O jornalista Álvaro Caldas já transformou suas experiências em relato e ficção. O segundo caso, "Balé da utopia", saiu no ano passado. Já "Tirando o capuz", de 1980, reconstituiu seus três anos de militância no Partido Comunista Brasileiro Revolucionário e os outros três em que passou preso e foi torturado durante 60 dias no Doi-Codi.

- A tortura é uma negociação em que a dor é uma aliada de quem está torturando - diz ele, preso depois de um colega ter dito seu nome numa sessão de tortura. - O que se podia fazer era tentar salvar o mais importante, mas não dava para segurar tudo. Nós éramos muito rigorosos ao julgar como traidor quem falava alguma coisa sob tortura. Não há ideologia na tortura.

Álvaro acredita que o momento é de reavaliação do período, o que provoca nele um temor:

- A discussão não pode ser despolitizada, não podem nos transformar em garotos porra-louca que não fomos. Era um momento histórico específico. Erramos muito, mas toda paixão é cheia de erros. E, pelo menos, tínhamos uma esperança de transformação do mundo, enquanto hoje faltam utopias aos jovens.

A preocupação do historiador Daniel Aarão Reis, dirigente do MR-8 na época do seqüestro e autor da tese "A revolução faltou ao encontro", publicada em 1991, é que a reavaliação atual reforce uma idéia predominante no país.

- Os livros de Gabeira ("O que é isso, companheiro?") e Zuenir Ventura ("1968: O ano que não terminou") ganharam popularidade não só porque eles escrevem bem, mas também por recuperar o passado de maneira suave, bem-humorada e conciliadora com a ditadura. O filme do Bruno Barreto vai além e absolve a ditadura, não por apresentar um torturador com conflitos, mas por mostrar guerrilheiros sem conflitos, simplórios.

Daniel, que foi trocado pelo embaixador alemão em 70, e pôde se exilar, não pôs relatos pessoais em seu livro, optando pela análise da época. Para ele, a guerrilha não venceu o regime por não ter o apoio da sociedade:

- Nós estávamos isolados.

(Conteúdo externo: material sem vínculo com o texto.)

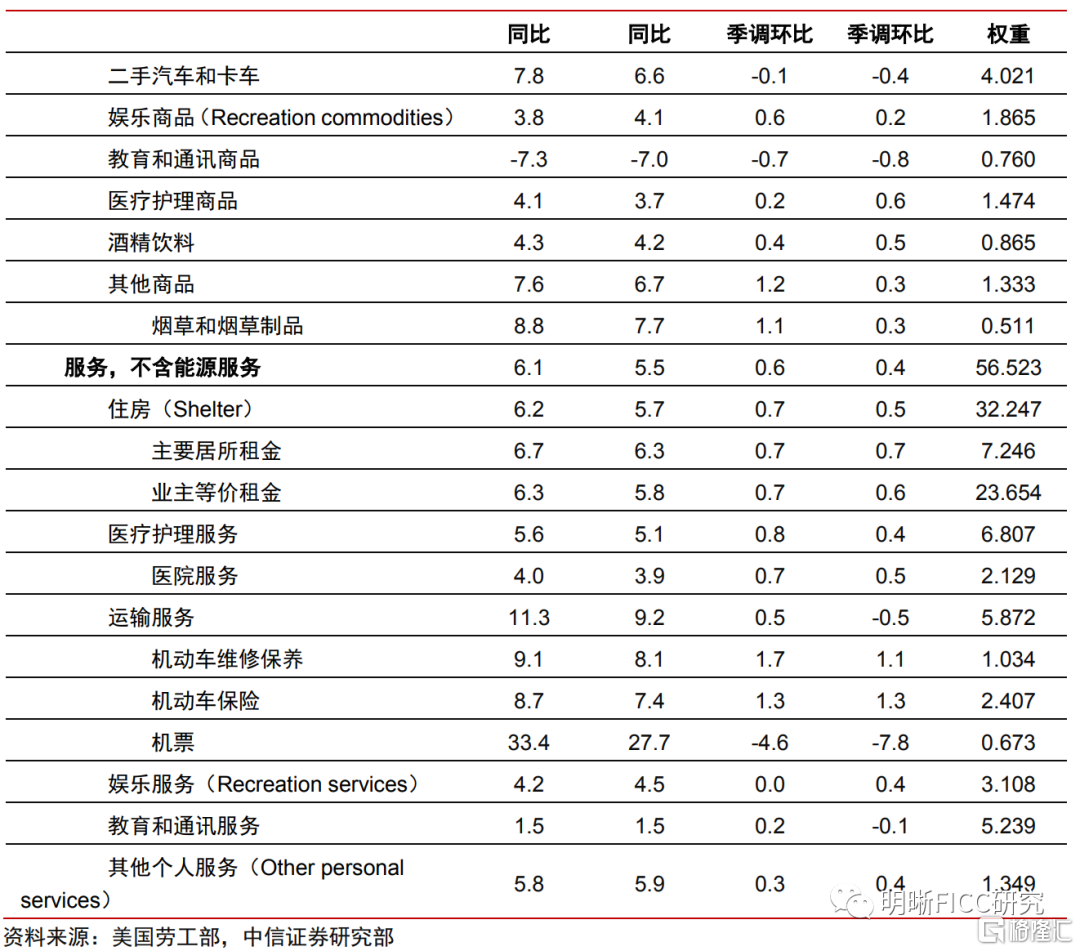 从除了住房项以外的核心CPI分项来看,核心商品环比较大幅上升,尤其是家用家具和家居用品项、新机动车项,显示出消费动力仍较强,在薪资增长较强的背景下,除了住房项以外的核心服务项环比也进一步上涨。分项来看,虽然服装、鞋子等部分商品环比增速放缓趋势仍存,二手车项也和领先指标Manheim二手车价值指数显示的下降趋势一致,但家用家具和家居用品项、新机动车项环比进一步上升,反映出虽然全球供应链压力在8月进一步缓解,但美国消费需求仍较强,能源价格下降或又推动了居民消费支出。同时,新机动车项库存仍较低,供不应求现象仍较严重。另一方面,虽然由于能源价格下跌,机票价格继续下降,但劳动力市场较强劲增长,高薪资增速仍支撑核心服务项通胀,使其较难快速回落。

Senão, a ditadura teria sido escorraçada. O que eu condeno é a conciliação com a ditadura. É preciso refletir de maneira crítica sobre ela, pensar o porquê de a sociedade ter dado apoio a ela. Se não for assim, virá um dia outra ditadura, porque temos uma longa tradição autoritária.

O teatro ainda não entrou na esteira atual de reavaliação. Fez isso em 1983, com "A lira dos 20 anos", peça de Paulo César Coutinho (já morto), e em 1985, com "A nossa voz", de Luiz Maria Lima, que tinha a tortura como tema. João das Neves, diretor da peça e autor de um texto sobre os anos de chumbo ("A pandorga e a lei"), acredita que o teatro virá a tratar novamente do assunto:

- A tortura foi um problema que vivemos no regime militar, mas que também existe no regime democrático, contra minorias e pobres. O teatro certamente fará uma reflexão sobre isso.